Extracted records

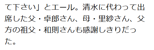 清水さらさんの父親の名前は、父・卓郎さん。
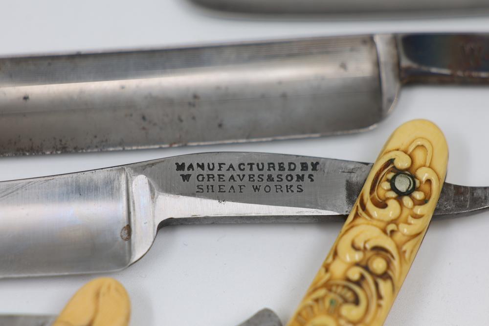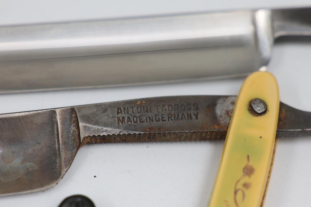 Items are from one straight razor collection & include cased matched pair of Joseph Rodgers & Sons straight razors having etched blade panels in velvet-lined Rodgers fitted case; Texas Luggage U.S. military style portable barber kit; porcelain shaving mugs with four lather brushes, collapsible compact travel shaving mirror with bowl; Warranted Razors having horn handles & notched Sheffield-style blades, etched Washington commemorative hollow blade with patriotic motif; Frederick Reynolds Sheffield straight razors; razors w/ mother of pearl scales/inlaid bar escutcheons/silver tone end caps/wedge-style blades; razors from Rogers & Sons, Wade & Butcher & Mappin's, featuring two horn scales & one celluloid with wedge style blades; razors from Clauss, J.A. Henckels, & H. Boker & Co., featuring mixed celluloid scales with hollow blades/includes multiple cases; barber Accessories including razor strops/sharpening stones/boxed Schick blades & more. Items are located in Pleasant Valley, NY.
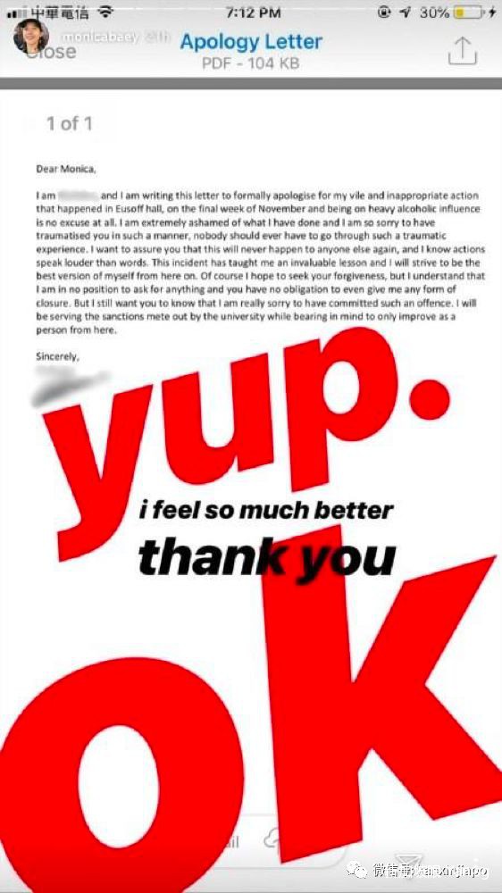 报警后,警方给了男生1年之内不得再犯的警告,NUS也对他处以了写道歉信、停学一个学期、接受强制辅导、不得再申请学校宿舍。
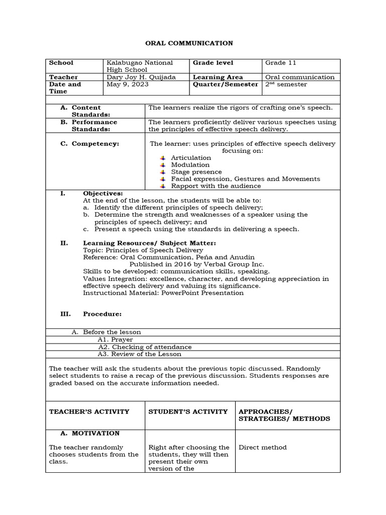 ORAL COMMUNICATION Lesson Plan PDF
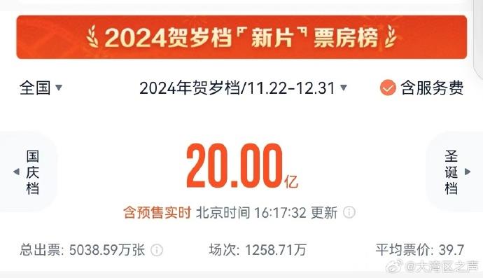 據(jù)網(wǎng)絡(luò)平臺數(shù)據(jù),截至12月22日16時17分,2024年賀歲檔(11月22日—12月31日)檔期電影票房(含預(yù)售)突破20億。
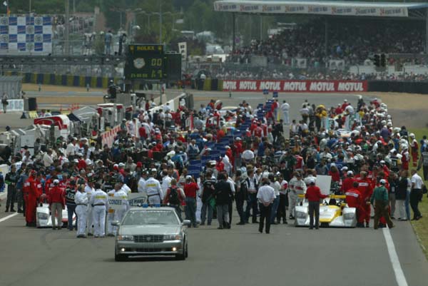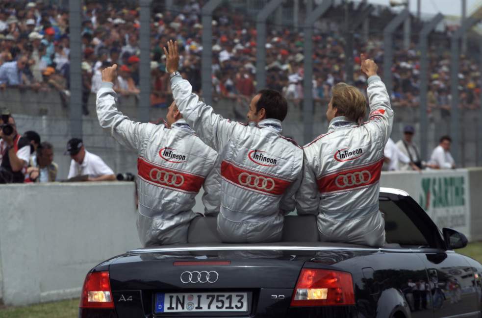 Tom Kristensen, Frank Biela and Emanuele Pirro during the drivers'parade before the start of the race.
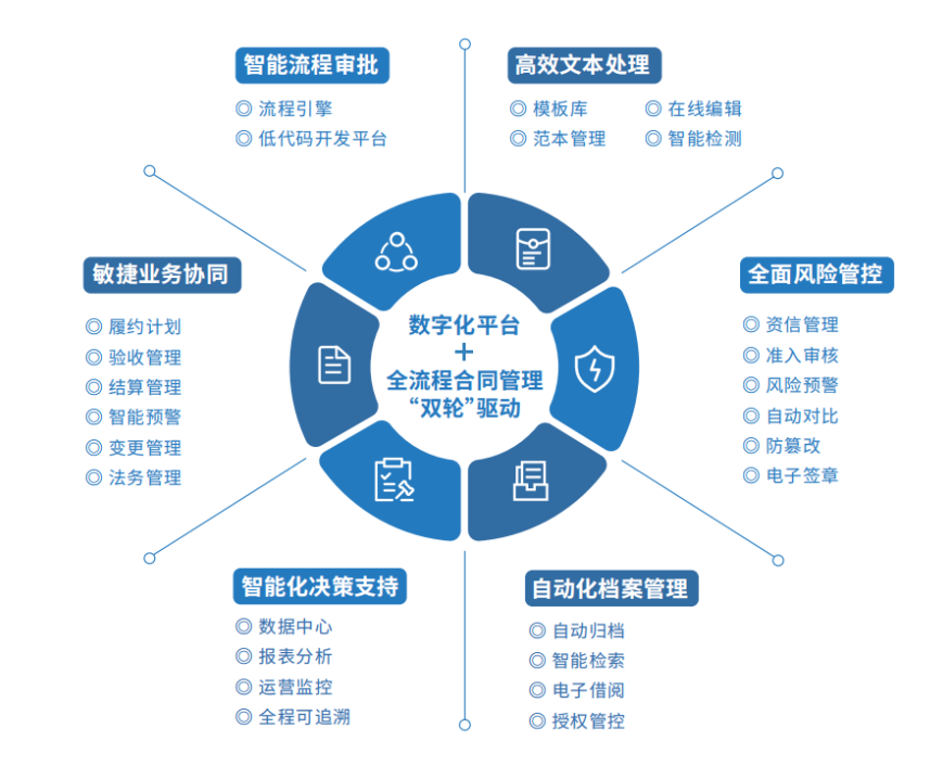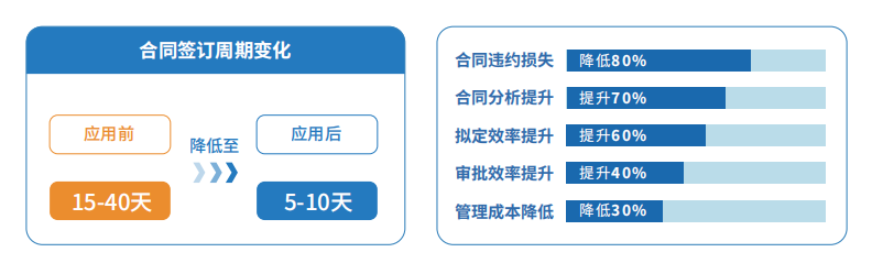 基于該解決方案,能夠幫助企業(yè)大幅提升合同管理效率,降低合同風(fēng)險(xiǎn),智能化管控合同臺(tái)賬,進(jìn)而實(shí)現(xiàn)合同管理的全面優(yōu)化,賦能企業(yè)管理效能提高。
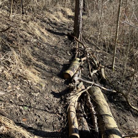 Weg Richtung Einsiedlerberg bei Ilmnitz. Wir hatten vor Monaten den Wanderweg mit Baumstämmen und großen Ästen halbwegs begehbar gemacht. Leider fanden dies die Wildschweine gar nicht gut und haben den Weg zerpflückt Der Weg hat jetzt wieder eine Schräglage das besonders bei aufgeweichten Boden ein Begehen schmierig ist. Man müsste da mal mit Spitzhacke oder Spaten den Weg begradigen.
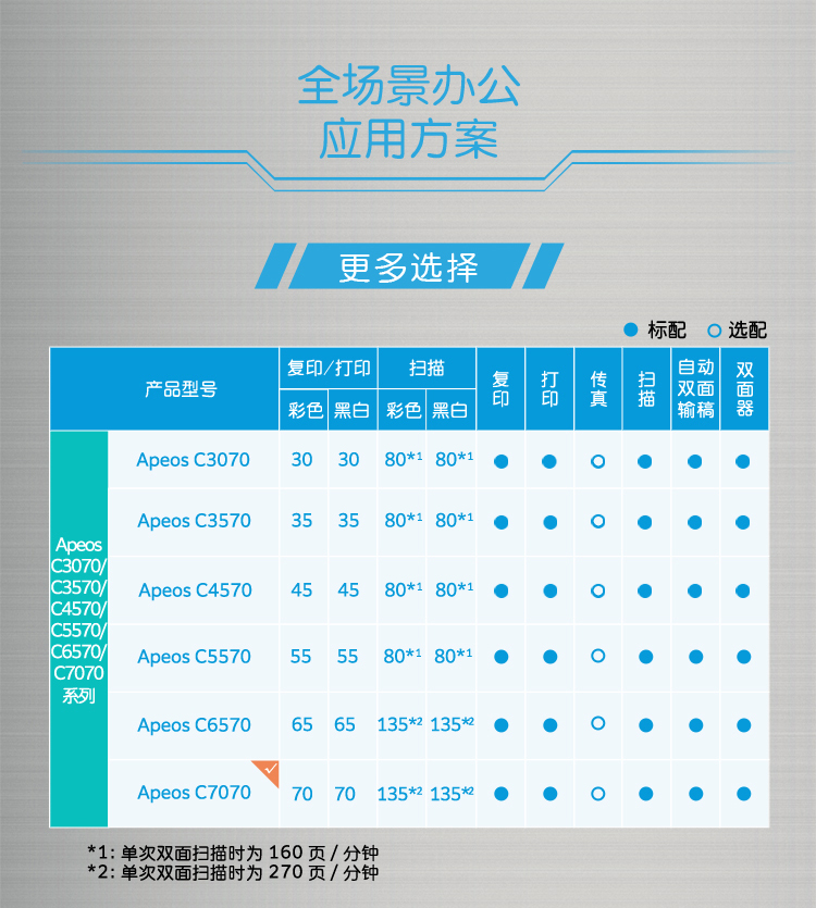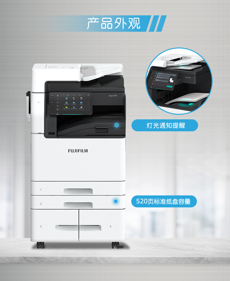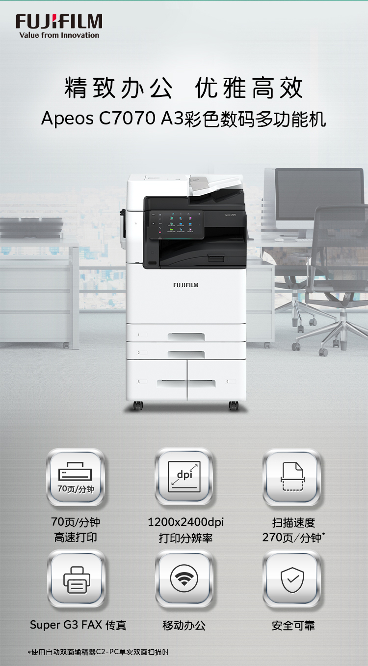 全新时代,全新Apeos,70页/分钟,A3/A4彩色双面打印/复印/扫描。
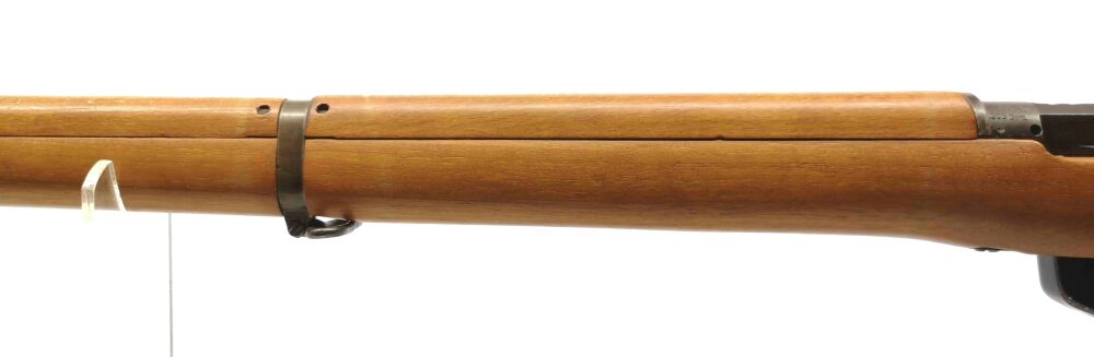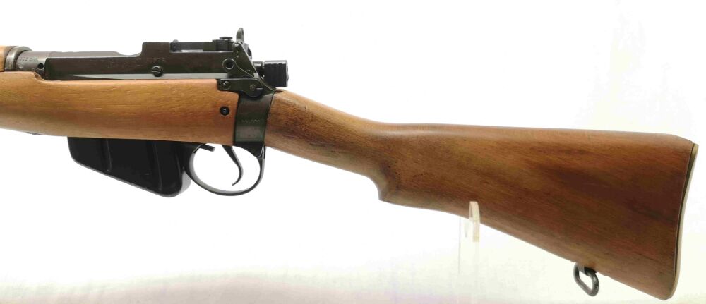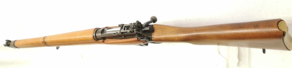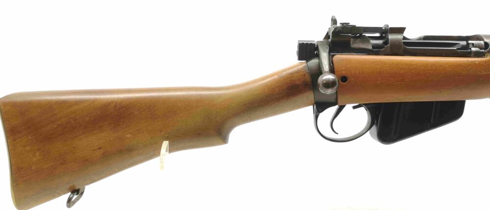 N4010 Enfield - No. 4 MK I Longbranch - Note 2 - schöner, gut erhaltener Enfield, Modell No. 4 MK I Long Branch mit Spindeldiopter und Korn mit seitlichem Kornschutz, Steckmagazin, technisch in Ordnung, Schaft und Metall im gutem gepflegten Zustand (Note 2), Baujahr 1946, Neubeschuß in Mellrichstadt, Messingschaftkappe mit Aufbewahrungsfach für originales Putzzeug (nicht dabei), vordere Schafthülse leicht berieben *** EWB-pflichtig ***
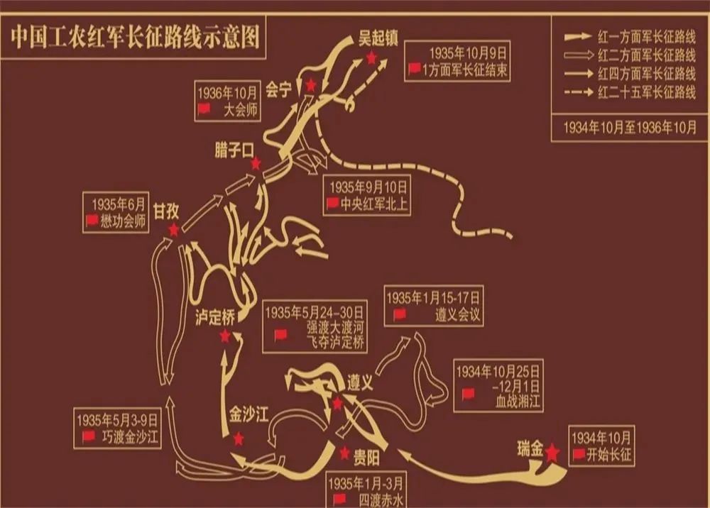 這是一支英勇頑強的隊伍。他們征服了連綿雪山,穿越了沼澤草地,跨過了大江大河,縱橫十餘省,最遠行程兩萬五千裏。

* _PROBLEM_
Only the lines above from the one containing "據(jù)網(wǎng)絡(luò)平臺" through the one containing "Tom Kristensen, Frank" should be returned, verbatim and inclusive, with pictures excluded.

* _RESULT BELOW_
 據(jù)網(wǎng)絡(luò)平臺數(shù)據(jù),截至12月22日16時17分,2024年賀歲檔(11月22日—12月31日)檔期電影票房(含預(yù)售)突破20億。
 Tom Kristensen, Frank Biela and Emanuele Pirro during the drivers'parade before the start of the race.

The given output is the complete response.